_What you need to do_:
Once the pictures are set aside, copy the data below exactly as it stands.

_Collected data_:
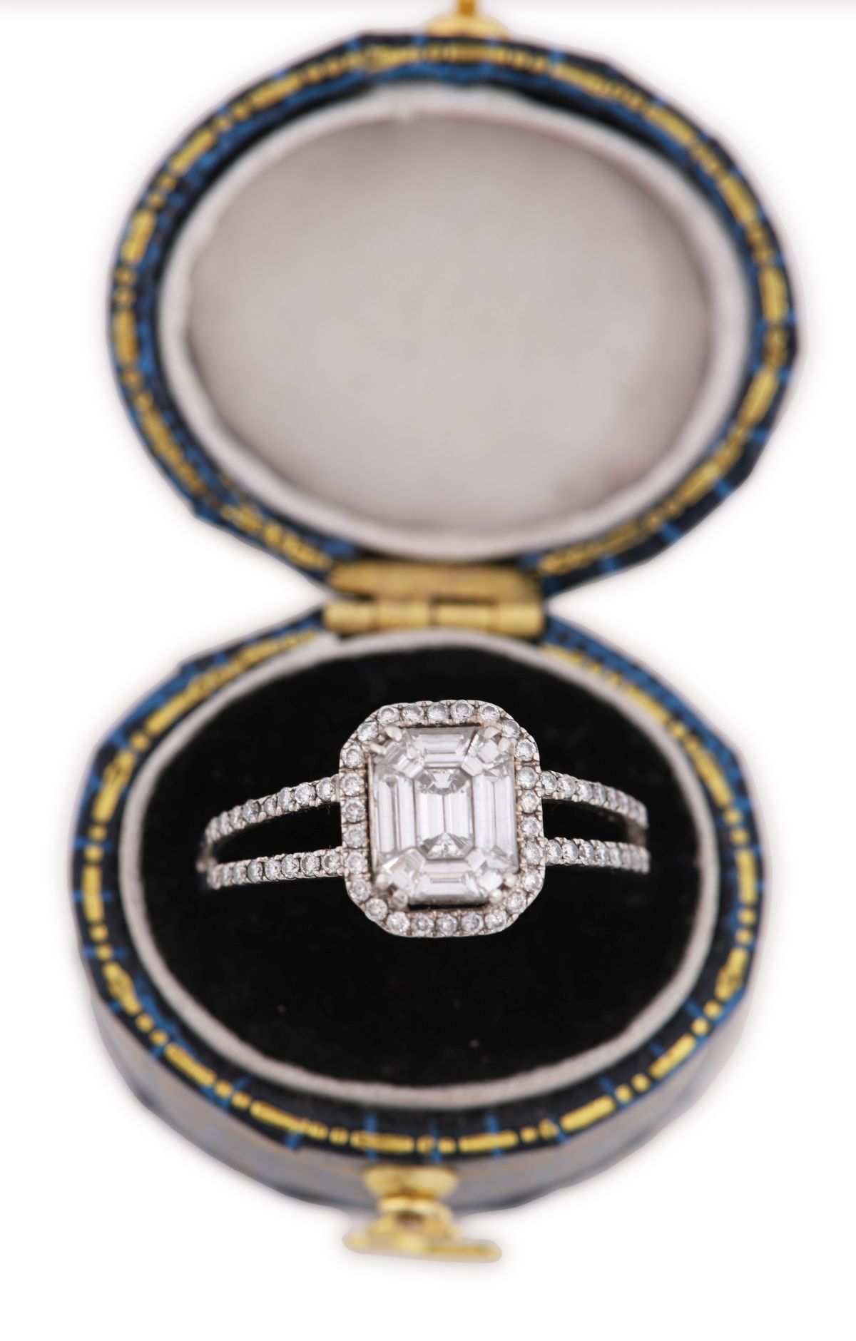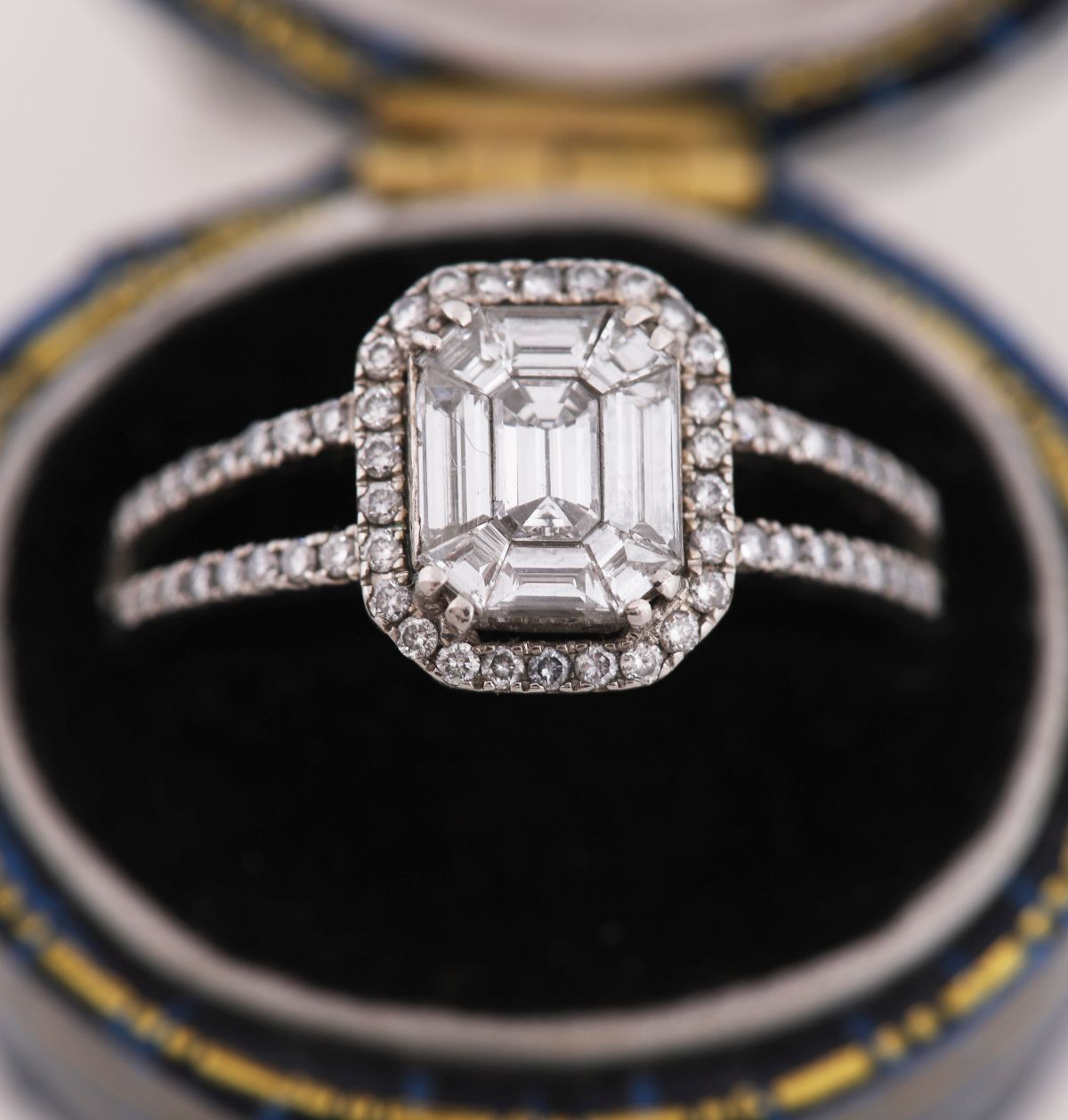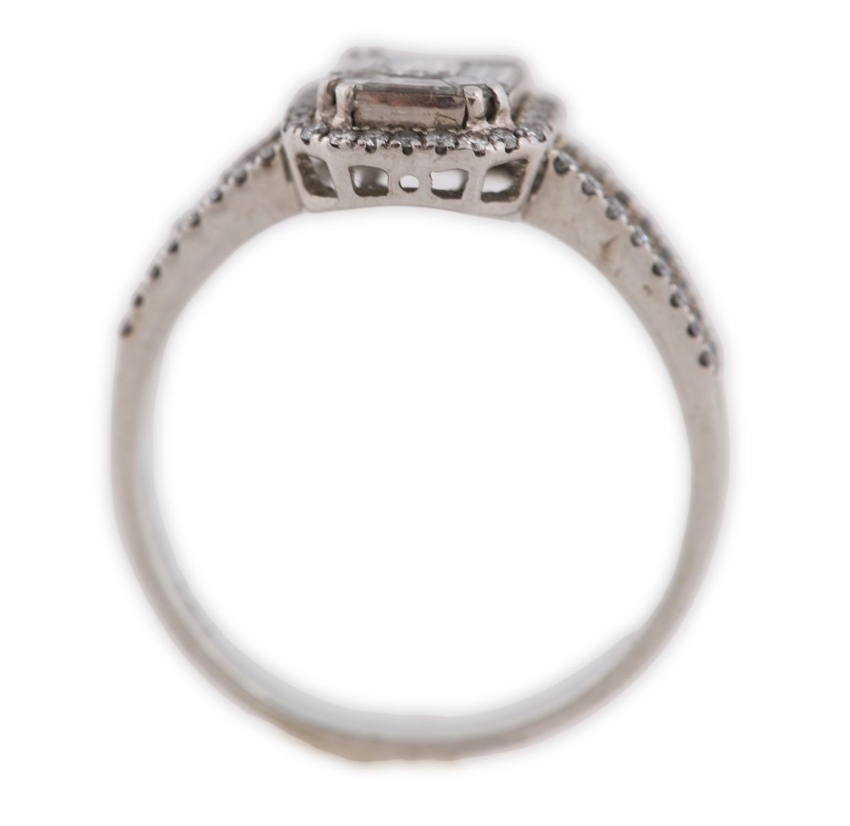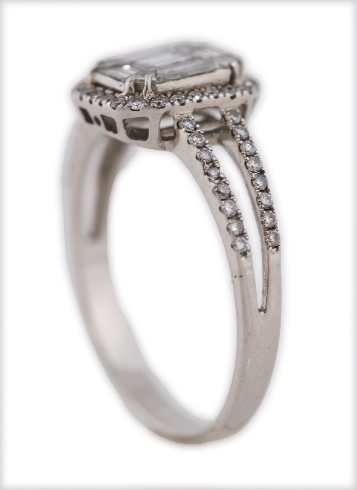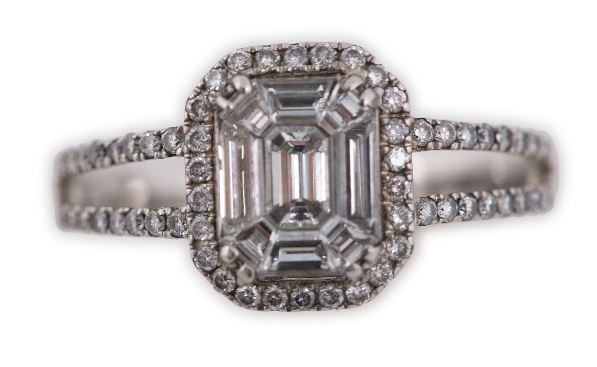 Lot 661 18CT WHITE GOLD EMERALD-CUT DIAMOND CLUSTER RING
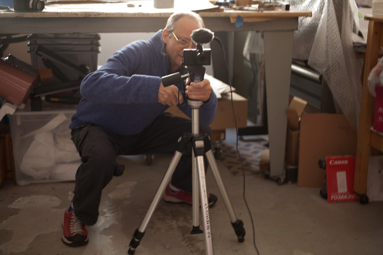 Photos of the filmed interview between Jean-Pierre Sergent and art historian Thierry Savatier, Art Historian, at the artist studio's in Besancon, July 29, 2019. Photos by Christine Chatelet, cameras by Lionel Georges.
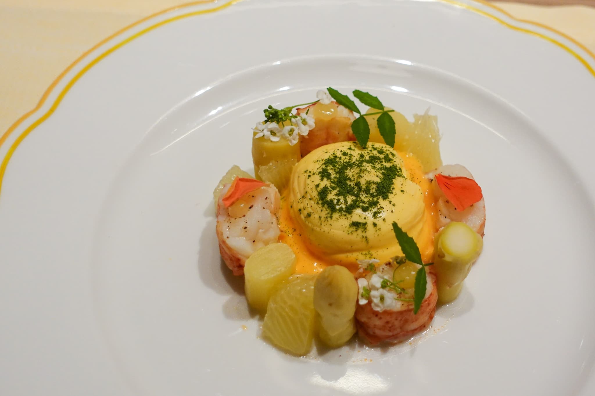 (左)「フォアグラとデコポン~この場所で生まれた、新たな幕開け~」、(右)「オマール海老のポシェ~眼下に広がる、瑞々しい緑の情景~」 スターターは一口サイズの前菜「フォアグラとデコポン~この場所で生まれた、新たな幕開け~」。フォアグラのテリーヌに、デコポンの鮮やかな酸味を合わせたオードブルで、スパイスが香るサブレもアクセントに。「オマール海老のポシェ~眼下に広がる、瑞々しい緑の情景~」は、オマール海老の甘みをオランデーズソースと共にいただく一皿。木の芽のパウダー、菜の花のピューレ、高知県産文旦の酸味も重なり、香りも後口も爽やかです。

_Task output_:
 Lot 661 18CT WHITE GOLD EMERALD-CUT DIAMOND CLUSTER RING
 Photos of the filmed interview between Jean-Pierre Sergent and art historian Thierry Savatier, Art Historian, at the artist studio's in Besancon, July 29, 2019. Photos by Christine Chatelet, cameras by Lionel Georges.
 (左)「フォアグラとデコポン~この場所で生まれた、新たな幕開け~」、(右)「オマール海老のポシェ~眼下に広がる、瑞々しい緑の情景~」 スターターは一口サイズの前菜「フォアグラとデコポン~この場所で生まれた、新たな幕開け~」。フォアグラのテリーヌに、デコポンの鮮やかな酸味を合わせたオードブルで、スパイスが香るサブレもアクセントに。「オマール海老のポシェ~眼下に広がる、瑞々しい緑の情景~」は、オマール海老の甘みをオランデーズソースと共にいただく一皿。木の芽のパウダー、菜の花のピューレ、高知県産文旦の酸味も重なり、香りも後口も爽やかです。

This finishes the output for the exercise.